### [The problem]
Below are records with pictures in them. Output exactly the lines from the one with "- Its swirl" through the one with "По скриншотам источника", both included, and leave every picture out; give only those lines.

------ Records to process

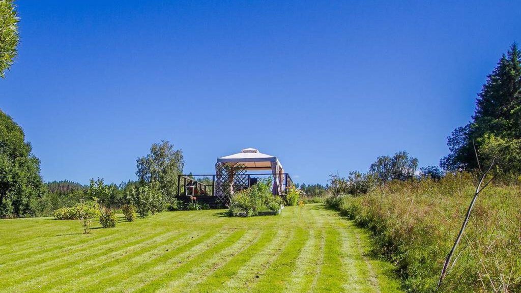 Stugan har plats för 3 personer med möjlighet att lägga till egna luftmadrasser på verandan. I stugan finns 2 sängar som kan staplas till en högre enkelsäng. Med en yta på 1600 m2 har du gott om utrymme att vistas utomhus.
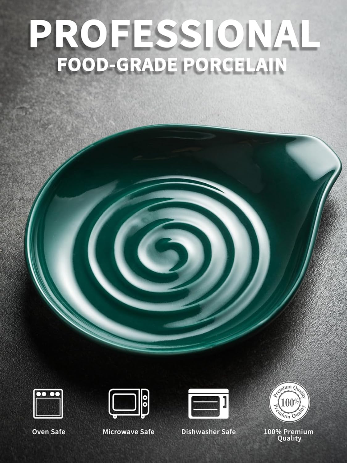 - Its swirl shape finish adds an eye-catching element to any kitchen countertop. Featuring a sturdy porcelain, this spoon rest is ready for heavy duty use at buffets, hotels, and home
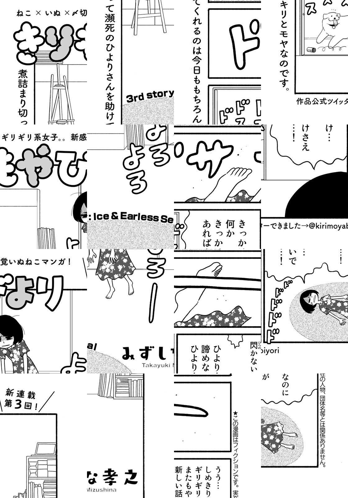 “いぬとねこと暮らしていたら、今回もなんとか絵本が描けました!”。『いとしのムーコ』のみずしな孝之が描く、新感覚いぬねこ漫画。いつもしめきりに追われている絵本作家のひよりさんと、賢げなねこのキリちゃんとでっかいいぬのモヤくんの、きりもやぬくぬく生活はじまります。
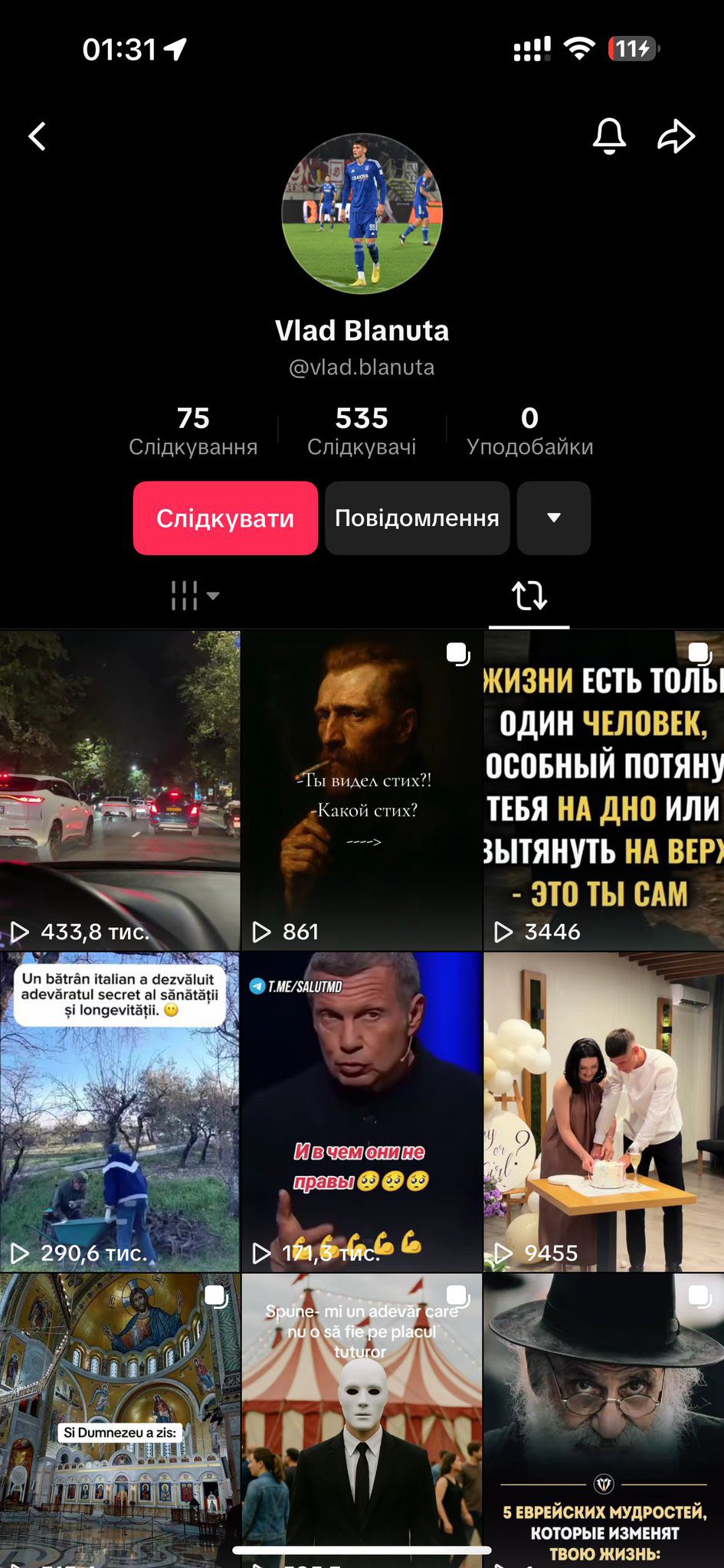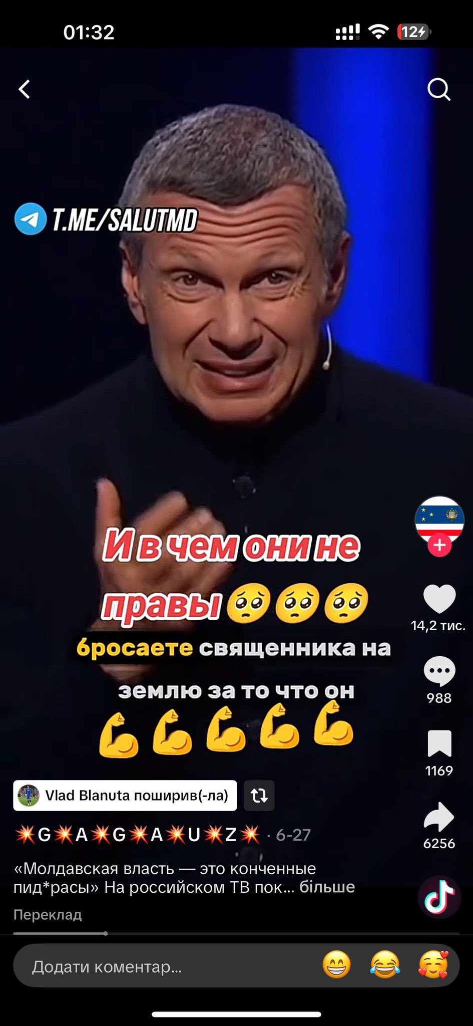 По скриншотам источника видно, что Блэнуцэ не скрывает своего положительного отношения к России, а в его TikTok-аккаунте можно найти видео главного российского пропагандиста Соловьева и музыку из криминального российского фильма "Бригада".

------------
------ Records to process

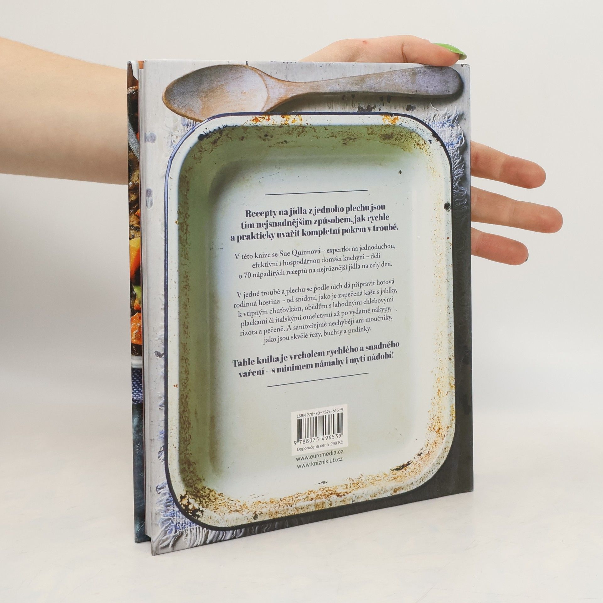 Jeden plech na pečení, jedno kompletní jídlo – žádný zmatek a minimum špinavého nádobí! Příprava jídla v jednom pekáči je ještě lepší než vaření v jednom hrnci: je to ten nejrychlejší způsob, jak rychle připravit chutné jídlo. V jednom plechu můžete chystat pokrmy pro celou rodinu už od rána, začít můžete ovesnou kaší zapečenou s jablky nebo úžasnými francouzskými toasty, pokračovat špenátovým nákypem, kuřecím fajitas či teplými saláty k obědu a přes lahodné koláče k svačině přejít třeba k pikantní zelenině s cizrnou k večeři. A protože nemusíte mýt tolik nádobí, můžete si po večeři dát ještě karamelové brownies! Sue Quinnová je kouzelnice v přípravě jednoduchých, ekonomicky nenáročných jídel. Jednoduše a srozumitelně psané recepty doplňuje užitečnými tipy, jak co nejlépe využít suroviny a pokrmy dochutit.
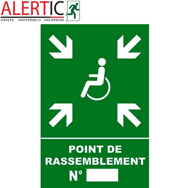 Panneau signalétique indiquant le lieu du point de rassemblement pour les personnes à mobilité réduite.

------------
------ Records to process

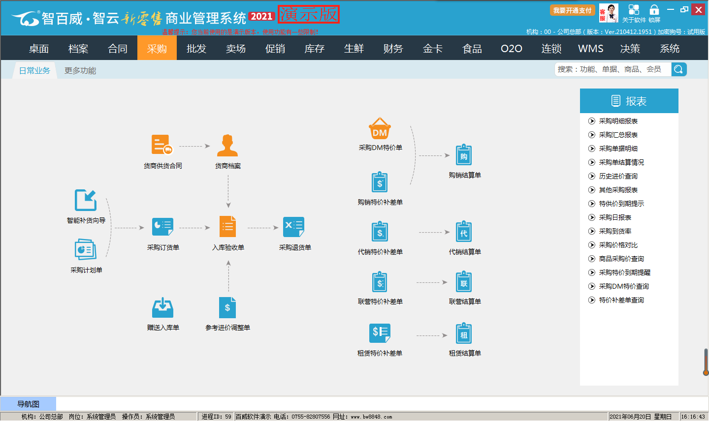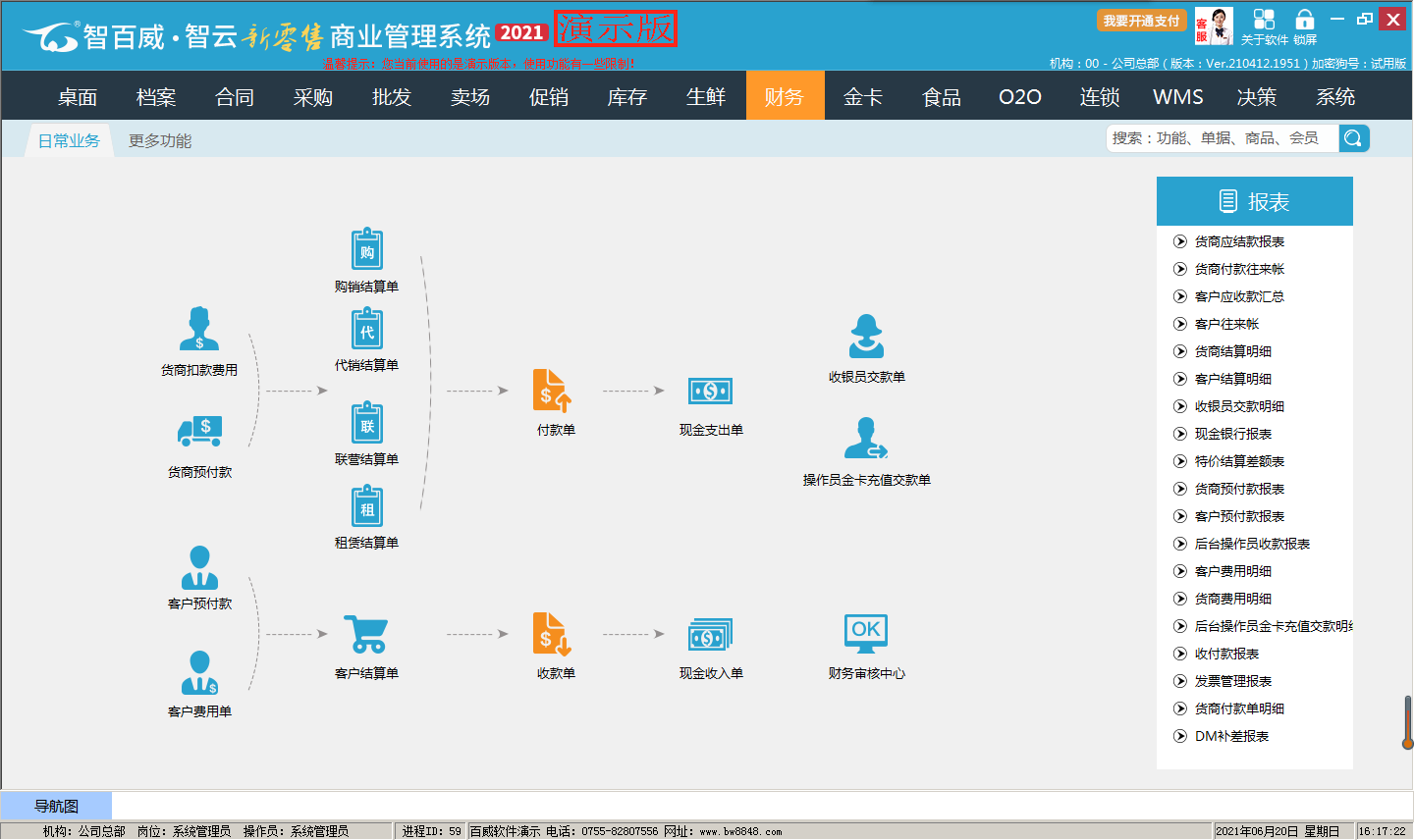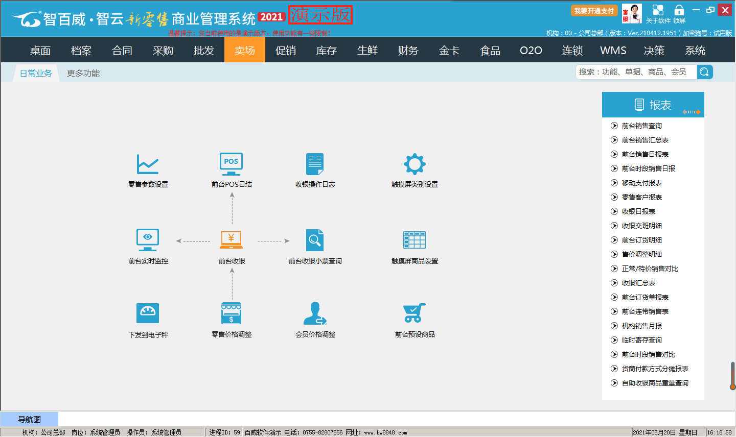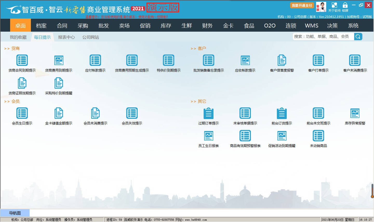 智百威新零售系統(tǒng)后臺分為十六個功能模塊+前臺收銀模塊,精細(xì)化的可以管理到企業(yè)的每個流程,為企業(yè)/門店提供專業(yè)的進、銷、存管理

------------

### [Answer for this exercise]
 - Its swirl shape finish adds an eye-catching element to any kitchen countertop. Featuring a sturdy porcelain, this spoon rest is ready for heavy duty use at buffets, hotels, and home
 “いぬとねこと暮らしていたら、今回もなんとか絵本が描けました!”。『いとしのムーコ』のみずしな孝之が描く、新感覚いぬねこ漫画。いつもしめきりに追われている絵本作家のひよりさんと、賢げなねこのキリちゃんとでっかいいぬのモヤくんの、きりもやぬくぬく生活はじまります。
 По скриншотам источника видно, что Блэнуцэ не скрывает своего положительного отношения к России, а в его TikTok-аккаунте можно найти видео главного российского пропагандиста Соловьева и музыку из криминального российского фильма "Бригада".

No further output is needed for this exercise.